We use the Hitters dataset to predict a baseball player's salary (average salary) based on years (the number of years he played in the major leagues) and hits (the number of hits he had the previous year).

Based on the features, the decision tree model learns a series of splitting rules, starting from the top of the tree (root node).

  • The root node is divided into sub-nodes with an observation rule having years <4.5 towards the left branch, meaning players in the dataset with years <4.5 having log salary average is 5.107 and we make a prediction of 5.107 thousand dollars, that is 165,174 $ for these players.
  • Players with years >=4.5 are assigned to the right branch, then this group is subdivided into hits <177.5 with an average salary loss of 6.
  • Players with years >= 4.5 are assigned to the right branch, then this group is subdivided by Hits >= 177.5 with an average salary loss of 6.74.

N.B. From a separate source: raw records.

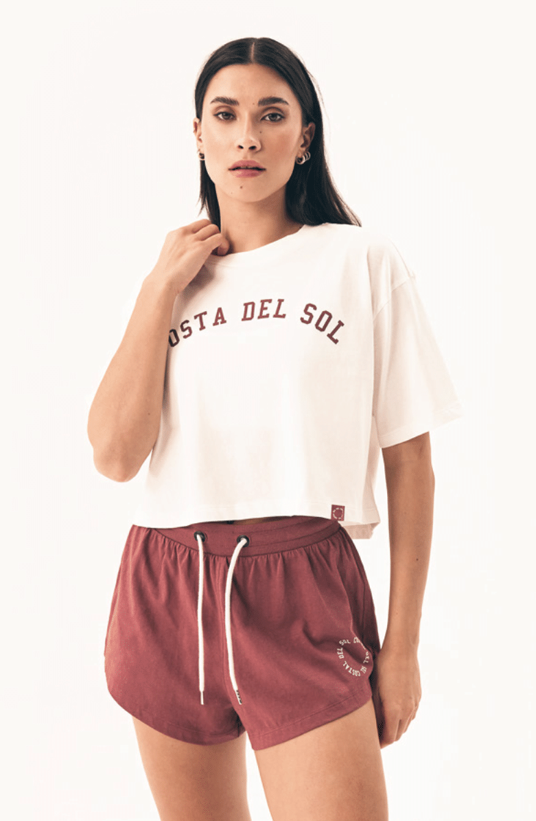 Bawełniana piżama damska z koszulką z krótkim rękawem, okrągłym dekoltem i spodenkami do kompletu. Koszulka o luźnym, komfortowym kroju w delikatnym, kremowym kolorze. Na przodzie koszulki napis "Costa Del Sol" co podkreśla jej letni klimat. Szorty w kontrastującym z koszulką, bordowym kolorze o modnym fasonie. W pasie wygodna gumka i sznurek do lepszego dopasowania.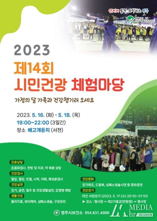 미디어아워 최지나 기자 | 영주시는 16일부터 18일까지 3일간 서천 배고개둔치 주차장에서 ‘제14회 시민건강 체험마당’을 연다.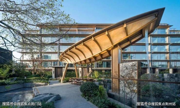 运河樾的园林感,几乎从门头就开始了:贯穿的水系、奢石景墙之上的玉石飘带,都像是把运河的水给引了过来,再配上金色的坡屋顶,很有江南院落的雅贵气质。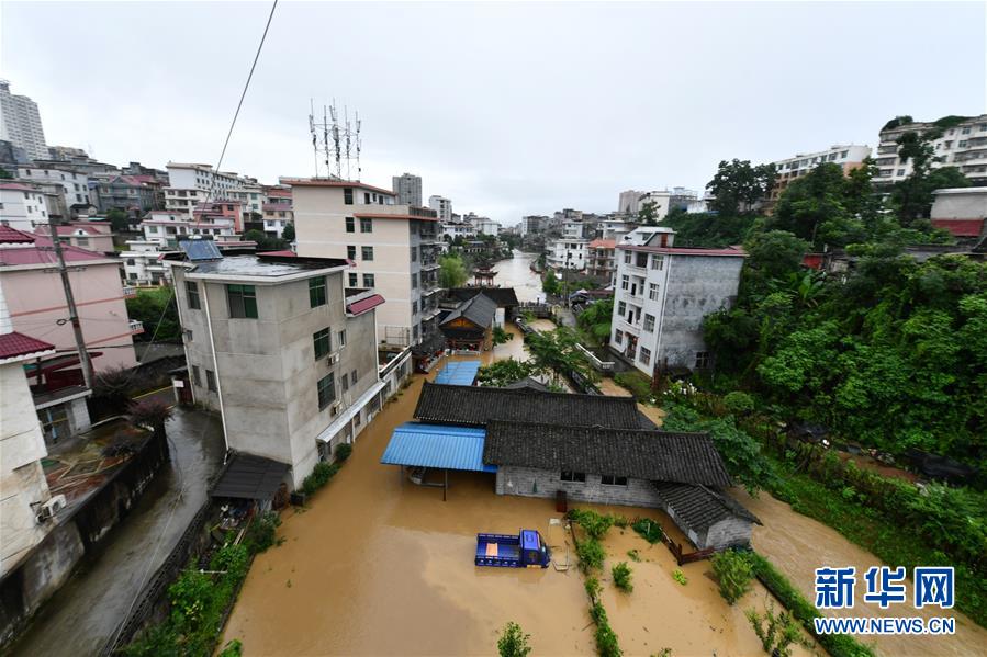 7月8日,在湖南省湘西土家族苗族自治州花垣县花垣镇登高楼社区,民房被洪水包围。 新华社发(龙恩泽 摄)

In this case, we can see that the decision tree forms a three-region segment where this region determines the salaries of baseball players and we can say that the region is a decision boundary.

decision tree

These three regions can be written

  • R1 ={X | Years<4.5 }
  • R2 ={X | Years>=4.5, Hits<117.5 }
  • R3 ={X | Years>=4.5, Clicks>=117.5}.

From this intuition, there is a process of splitting a decision tree to form a region capable of predicting the salary of baseball players.

Fractionation / splitting

In order to split the nodes at the most informative features using the decision algorithm, we start at the root of the tree and split the data on the feature that results in the greatest information gain (IG ). Here, the objective function is to maximize the information gain (IG) at each split, which we define as follows:

splitting decision tree

f is the functionality to perform the division, Dp and Dj are the data set of the parent node, j-th child, I is our measure ofimpurity, Np is the total number of samples at the parent node and Nj is the number of samples. in the j-th child node.

As we can see, the information gain is simply the difference between the impurity of the parent node and the sum of the impurities of the child node: the lower the impurity of the child nodes, the greater the information gain. However, for simplicity and to reduce the combinatorial search space, most libraries (including scikit-learn) implement binary decision trees. This means that each parent node is divided into two child nodes, D-left and D-right.

splitting decision tree

Impurity measure implements binary decision trees and the three impurity measures or splitting criteria that are commonly used in binary decision trees are Gini impurity (IG), entropy (IH) and l classification error (IE).